§ **Exercise**
Go through the data below and transcribe it exactly. Omit the images.

§ **Exercise material**
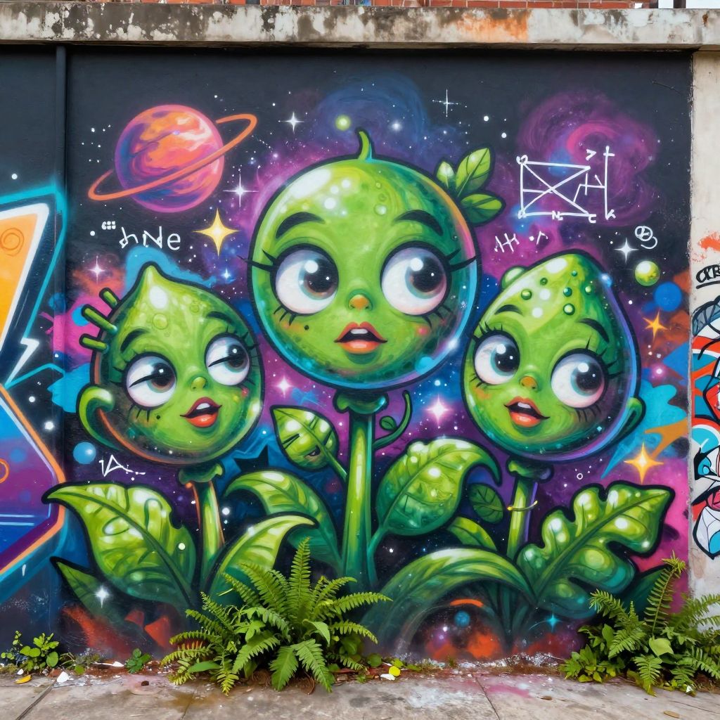 Vibrant graffiti of three green, cartoonish alien plants with large eyes and leaves, set against a cosmic background with planets, stars, and mathematical
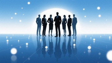 一群身着商务正装的团队成员剪影,位于画面中央,姿态挺拔,呈现出协作与领导的氛围。背景为渐变的蓝色调,从中心向四周逐渐过渡为明亮的白色光晕,营造出专业、现代且充满希望的感觉。地面有光滑的镜面反射效果,映照出人物的轮廓,增强空间感。画面中点缀着大小不一、分布均匀的白色光斑,如同散落的光点,增添科技感与未来感。整体风格为简洁的商务插画,线条流畅,色彩柔和,光影过渡自然,适合作为团队背景使用。
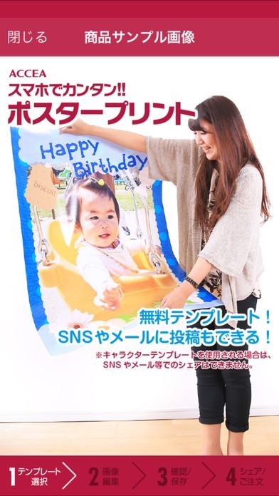「ACCEAプリント」にはスタンプによるデザイン機能が付いています。 まずはスマホに保存してある写真を選び、好みのスタンプを付けてデザインし、注文すればオリジナルグッズが手元に入ります。 レイアウトに合わせて写真の拡大や縮小も行えます。 子どもの写真を入れたポスターを自宅に飾りたい、友だちへの誕生プレゼントにしたい時に便利です。 SNSサイトにてデザインを友だちへ見せたい時に便利なのがシェア機能です。 友だちにデザインを見せて気に入ったら注文するといった使い方も可能です。 店舗別のクーポン機能も付いており、QRコードの読み取りまたは数字を入力するとクーポンによってお得になります。
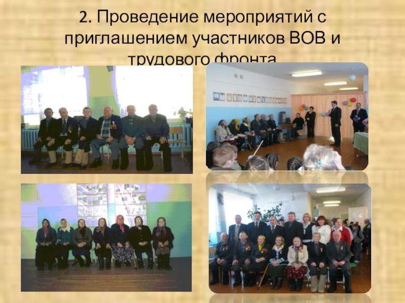 Слайд 112. Проведение мероприятий с приглашением участников ВОВ и трудового фронта
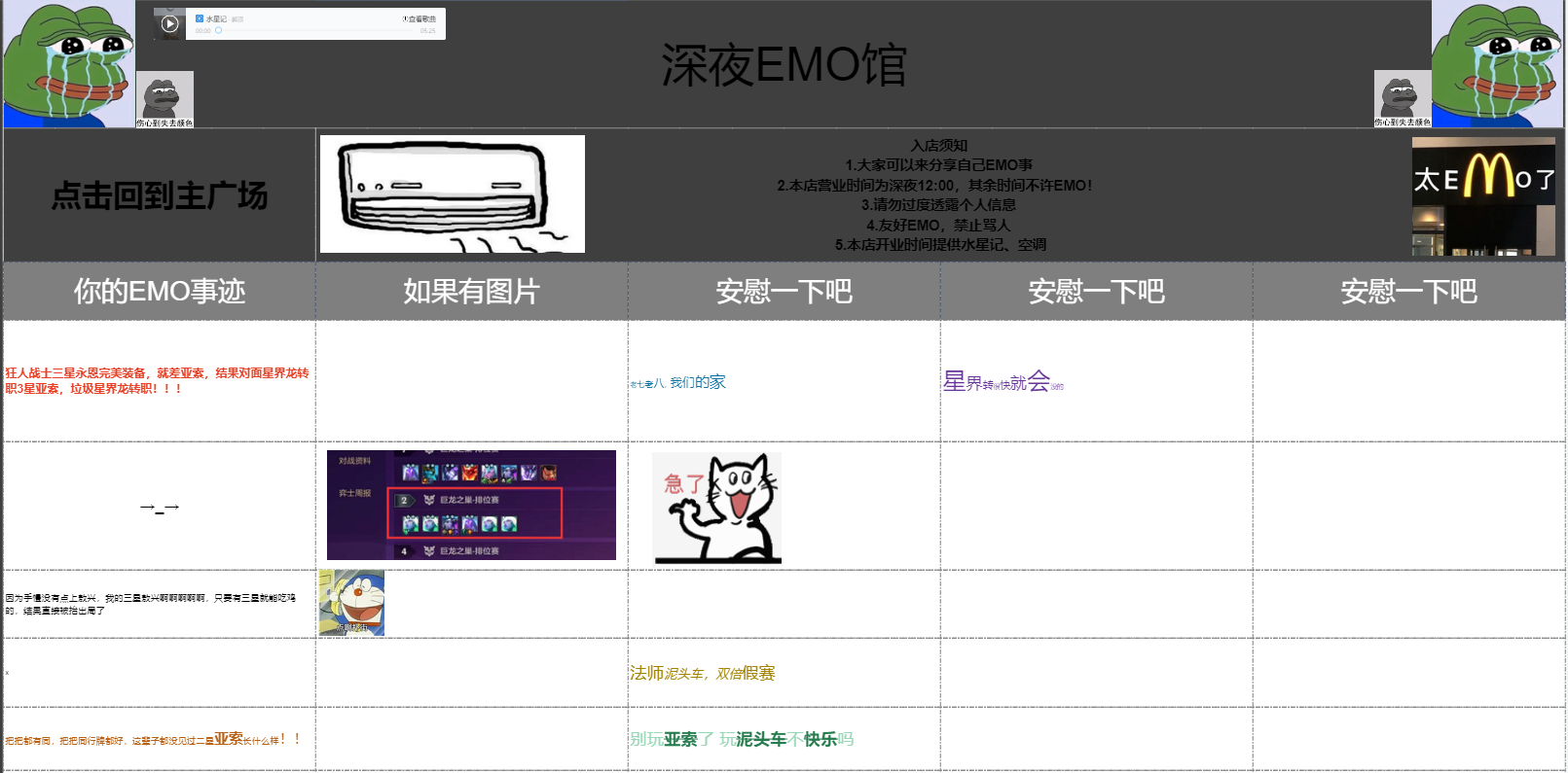 深夜emo馆,有些游戏里的糗事闷在心里只会越像越气,但是分享出去或许就会慢慢变成一段趣谈,毕竟emo是一时的,但是各不相同的“悲惨”故事留给吃瓜网友们的欢乐是永久的,有不少不愿意透露姓名的铲人就留下了诸如索拉卡八等一,赛芬永远假赛的,亚索永远不二星的悲伤往事博君一笑;
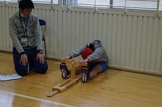 写真ではそう見えませんが、雨が降っていました。ですので、体育館裏の軒下で作業をしています。
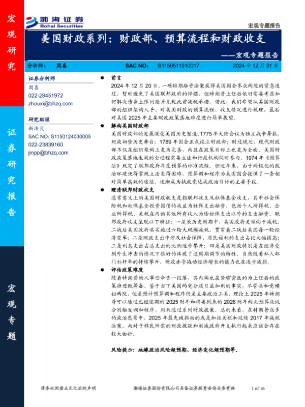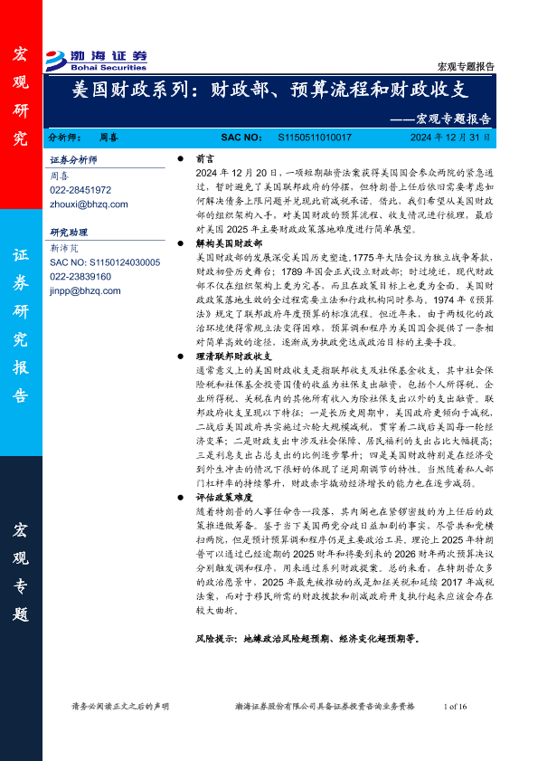 【渤海证券】【20241231】美国财政系列:财政部、预算流程和财政收支-16页
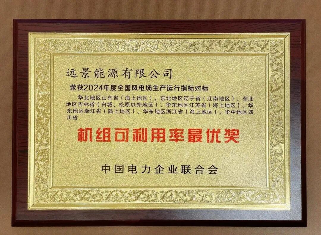 远景能源获得中电联2024全国风场生产运营指标对标机组可利用率最优奖
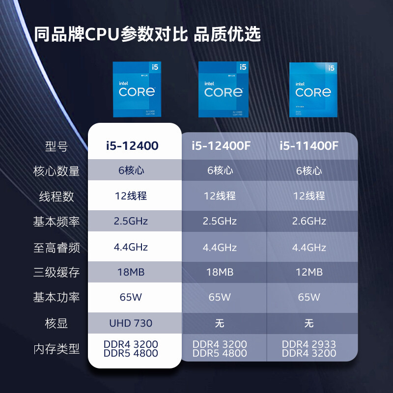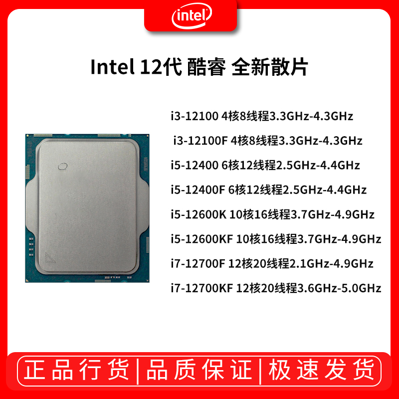 英特尔(Intel)12代 酷睿 i5-12400 处理器 6核12线程单核睿频至高可达4.4Ghz 散片
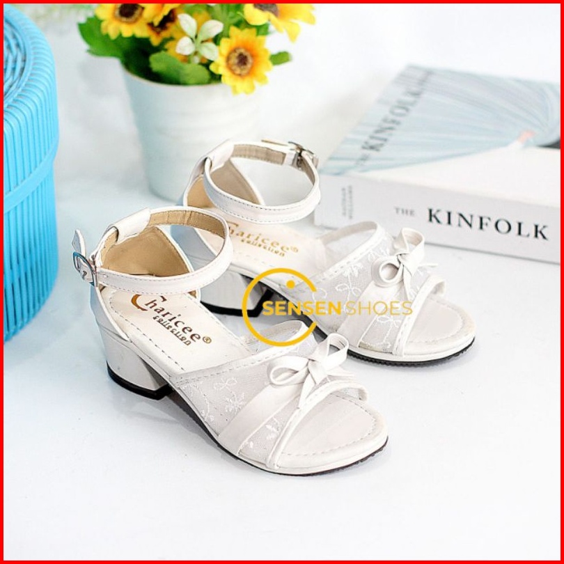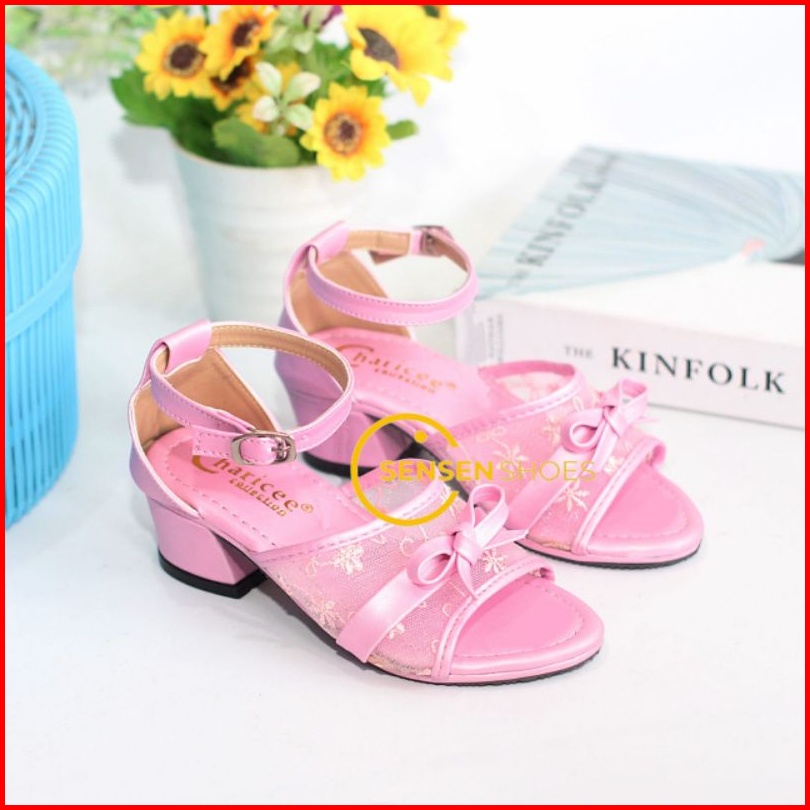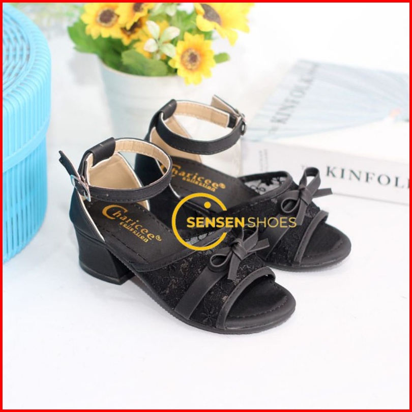 Sepatu Sandal Pesta Anak Perempuan Hak Tahu Brukat Jala Motif Pita

§ **Output for this exercise**
 Vibrant graffiti of three green, cartoonish alien plants with large eyes and leaves, set against a cosmic background with planets, stars, and mathematical
 一群身着商务正装的团队成员剪影,位于画面中央,姿态挺拔,呈现出协作与领导的氛围。背景为渐变的蓝色调,从中心向四周逐渐过渡为明亮的白色光晕,营造出专业、现代且充满希望的感觉。地面有光滑的镜面反射效果,映照出人物的轮廓,增强空间感。画面中点缀着大小不一、分布均匀的白色光斑,如同散落的光点,增添科技感与未来感。整体风格为简洁的商务插画,线条流畅,色彩柔和,光影过渡自然,适合作为团队背景使用。
「ACCEAプリント」にはスタンプによるデザイン機能が付いています。 まずはスマホに保存してある写真を選び、好みのスタンプを付けてデザインし、注文すればオリジナルグッズが手元に入ります。 レイアウトに合わせて写真の拡大や縮小も行えます。 子どもの写真を入れたポスターを自宅に飾りたい、友だちへの誕生プレゼントにしたい時に便利です。 SNSサイトにてデザインを友だちへ見せたい時に便利なのがシェア機能です。 友だちにデザインを見せて気に入ったら注文するといった使い方も可能です。 店舗別のクーポン機能も付いており、QRコードの読み取りまたは数字を入力するとクーポンによってお得になります。
 Слайд 112. Проведение мероприятий с приглашением участников ВОВ и трудового фронта
 深夜emo馆,有些游戏里的糗事闷在心里只会越像越气,但是分享出去或许就会慢慢变成一段趣谈,毕竟emo是一时的,但是各不相同的“悲惨”故事留给吃瓜网友们的欢乐是永久的,有不少不愿意透露姓名的铲人就留下了诸如索拉卡八等一,赛芬永远假赛的,亚索永远不二星的悲伤往事博君一笑;
 写真ではそう見えませんが、雨が降っていました。ですので、体育館裏の軒下で作業をしています。
 【渤海证券】【20241231】美国财政系列:财政部、预算流程和财政收支-16页
 远景能源获得中电联2024全国风场生产运营指标对标机组可利用率最优奖
 英特尔(Intel)12代 酷睿 i5-12400 处理器 6核12线程单核睿频至高可达4.4Ghz 散片
 Sepatu Sandal Pesta Anak Perempuan Hak Tahu Brukat Jala Motif Pita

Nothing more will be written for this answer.